* [What you have to do]:
Below are some entries. Copy each line in them that holds "income".

* [Records provided]:
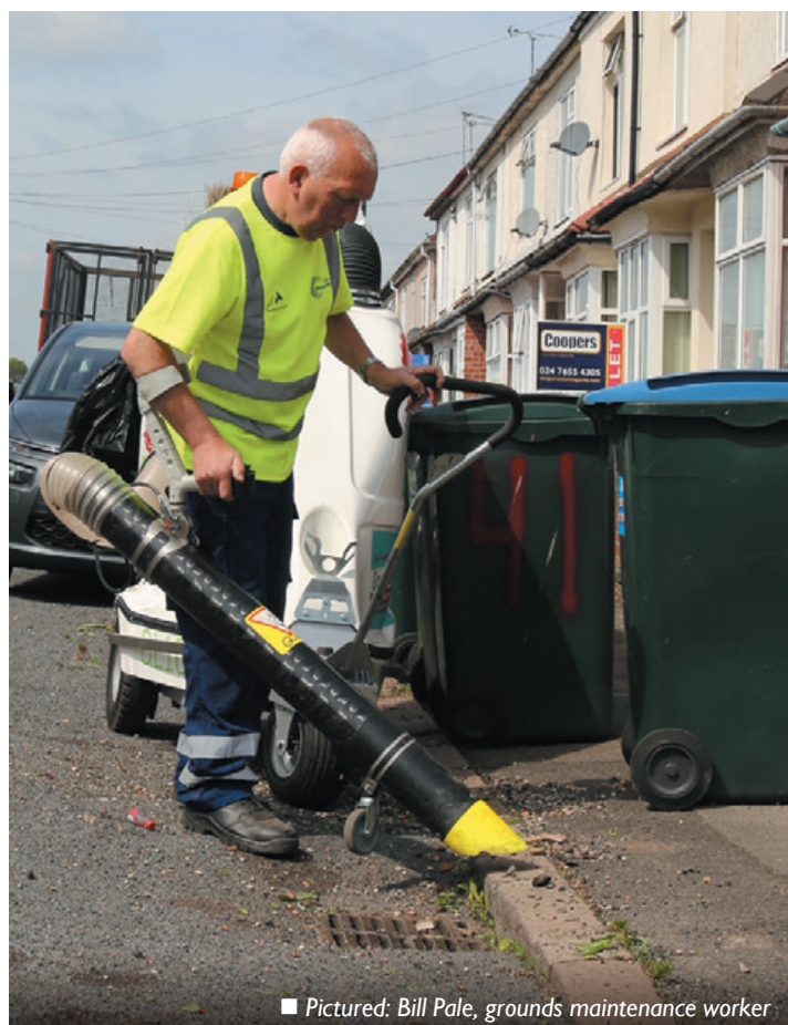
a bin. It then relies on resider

---

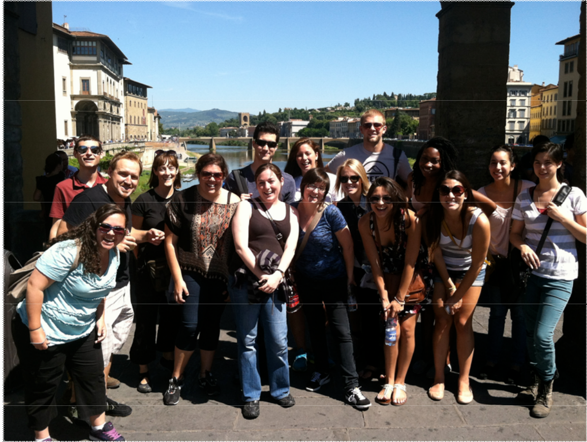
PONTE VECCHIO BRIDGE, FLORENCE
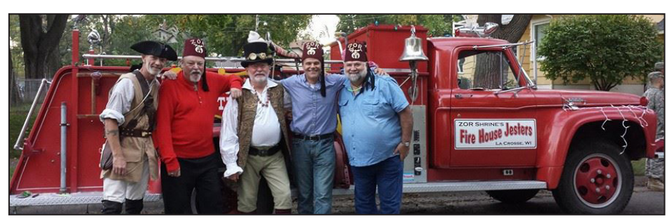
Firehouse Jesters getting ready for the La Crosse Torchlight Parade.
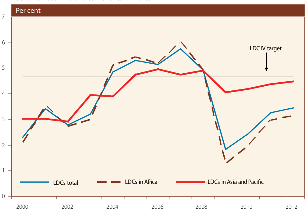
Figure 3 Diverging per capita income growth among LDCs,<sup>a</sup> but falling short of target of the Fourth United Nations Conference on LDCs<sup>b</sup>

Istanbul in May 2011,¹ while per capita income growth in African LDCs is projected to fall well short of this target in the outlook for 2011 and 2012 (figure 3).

* * *

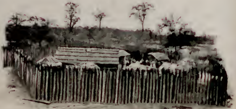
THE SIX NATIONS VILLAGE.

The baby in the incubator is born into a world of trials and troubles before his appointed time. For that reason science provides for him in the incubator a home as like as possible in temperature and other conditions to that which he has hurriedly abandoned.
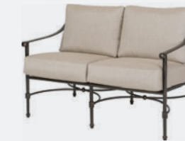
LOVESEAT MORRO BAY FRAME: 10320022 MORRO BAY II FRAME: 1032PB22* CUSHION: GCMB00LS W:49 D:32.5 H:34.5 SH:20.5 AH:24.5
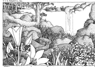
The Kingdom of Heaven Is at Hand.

* [Output of the exercise]:
Figure 3 Diverging per capita income growth among LDCs,<sup>a</sup> but falling short of target of the Fourth United Nations Conference on LDCs<sup>b</sup>
Istanbul in May 2011,¹ while per capita income growth in African LDCs is projected to fall well short of this target in the outlook for 2011 and 2012 (figure 3).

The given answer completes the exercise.